Problem to work on |
Would you retype exactly the lines from the one holding "1,380sqft move-in ready" through the last line of the listing, and only those, without pictures?

Recorded information |
================================

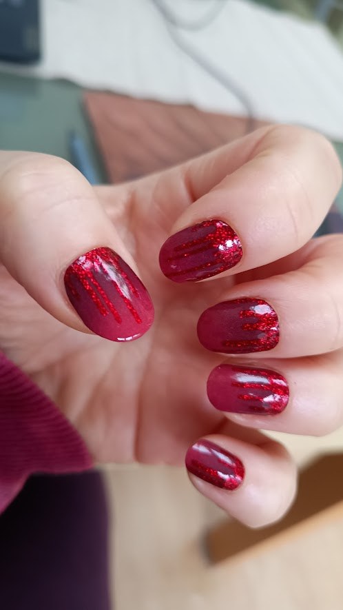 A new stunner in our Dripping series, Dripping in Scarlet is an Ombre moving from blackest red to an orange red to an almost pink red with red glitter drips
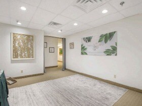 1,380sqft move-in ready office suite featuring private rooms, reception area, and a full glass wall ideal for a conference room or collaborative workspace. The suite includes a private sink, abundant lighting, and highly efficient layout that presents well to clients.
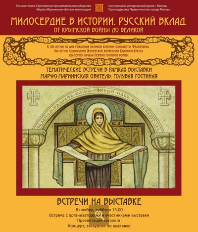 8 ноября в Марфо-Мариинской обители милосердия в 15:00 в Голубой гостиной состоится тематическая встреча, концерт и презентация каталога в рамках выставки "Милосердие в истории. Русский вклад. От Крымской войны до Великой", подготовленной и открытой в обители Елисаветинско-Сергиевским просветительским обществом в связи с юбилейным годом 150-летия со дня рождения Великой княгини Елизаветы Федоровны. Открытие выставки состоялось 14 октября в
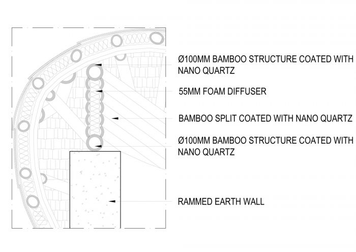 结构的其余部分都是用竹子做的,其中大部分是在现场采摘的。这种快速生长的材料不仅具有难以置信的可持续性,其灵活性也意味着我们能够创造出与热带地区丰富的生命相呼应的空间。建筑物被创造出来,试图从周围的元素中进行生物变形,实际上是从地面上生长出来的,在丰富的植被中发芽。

================================

Solution to this task |
 1,380sqft move-in ready office suite featuring private rooms, reception area, and a full glass wall ideal for a conference room or collaborative workspace. The suite includes a private sink, abundant lighting, and highly efficient layout that presents well to clients.
 8 ноября в Марфо-Мариинской обители милосердия в 15:00 в Голубой гостиной состоится тематическая встреча, концерт и презентация каталога в рамках выставки "Милосердие в истории. Русский вклад. От Крымской войны до Великой", подготовленной и открытой в обители Елисаветинско-Сергиевским просветительским обществом в связи с юбилейным годом 150-летия со дня рождения Великой княгини Елизаветы Федоровны. Открытие выставки состоялось 14 октября в
 结构的其余部分都是用竹子做的,其中大部分是在现场采摘的。这种快速生长的材料不仅具有难以置信的可持续性,其灵活性也意味着我们能够创造出与热带地区丰富的生命相呼应的空间。建筑物被创造出来,试图从周围的元素中进行生物变形,实际上是从地面上生长出来的,在丰富的植被中发芽。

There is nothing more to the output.